(481e) Geo-Chemo-Mechanical Studies for Permanent CO2 Storage in Geologic Reservoirs

Increasing concentration of CO₂ in the atmosphere is attributed to rising consumption of fossil fuels around the world. The development of solutions to reduce CO₂ emissions to the atmosphere is one of the most urgent needs of today’s society. CO₂ injection into geological formations is one of the CO₂ storage options with a large capacity. If non-carbonate minerals such as basalt and olivine exist in the CO₂ injection site, the injected CO₂ can react with those minerals to form thermodynamically stable solid carbonates. In nature, mineral carbonation takes place via dissolution of the mineral to release Ca/Mg ions followed by precipitation of Ca/Mg in the presence of CO₂. The rate limiting step of this carbon mineralization process is considered to be the dissolution of the mineral.A question has been raised regarding the effect of in-situ carbon mineralization on the stability of the geologic storage of CO₂. Both the kinetics and extents of mineral dissolution and carbonation reactions within the geological reservoir are important factors to evaluate for the long term stability of the geologically injected CO₂.Therefore, this work focuses on understanding CO₂-mineral-water interactions at a wide range of reaction conditions (T_max = 200^­oC and P_{CO2, max} = 200 bar).
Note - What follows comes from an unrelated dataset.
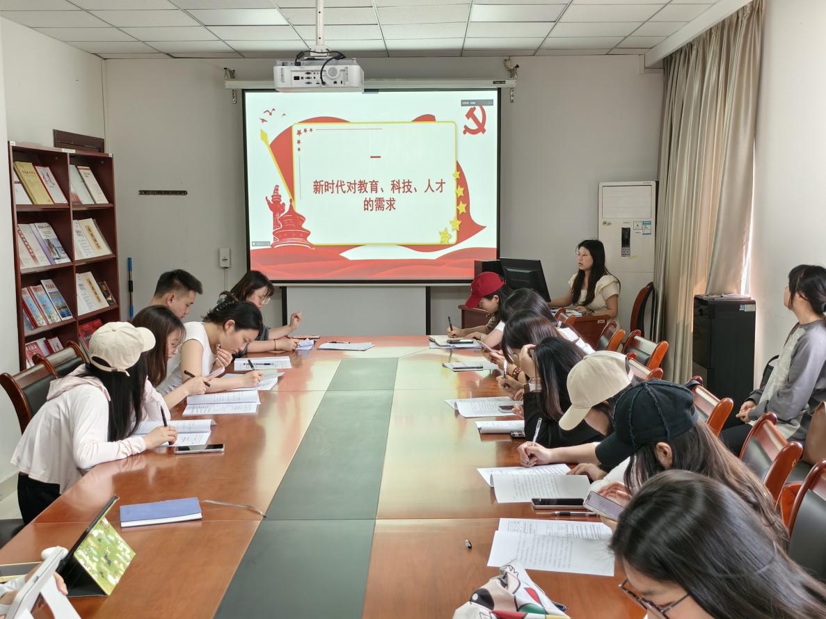 朱铭玥同志主讲学习《习近平:朝着建成科技强国的宏伟目标奋勇前进》,向春婷同志主讲学习《习近平:强化教育对科技和人才支撑作用 形成人才辈出人尽其才才尽其用生动局面》。

Both deionized water and synthetic brine were used as the aqueous reaction media. Minerals such as olivine (Mg₂SiO₄), labradorite ((Ca,Na)(Al,Si)₄O₈) and basalt (mixture of silicate minerals), were selected based on their abundance in nature and both dissolution and single-step carbonation experiments were performed to investigate fast and long-term kinetics of mineral weathering. Two different regimes (i.e., surface reaction vs. mass transfer limited regimes) of mineral weathering were identified based on the analyses of the activation energy and reaction kinetics.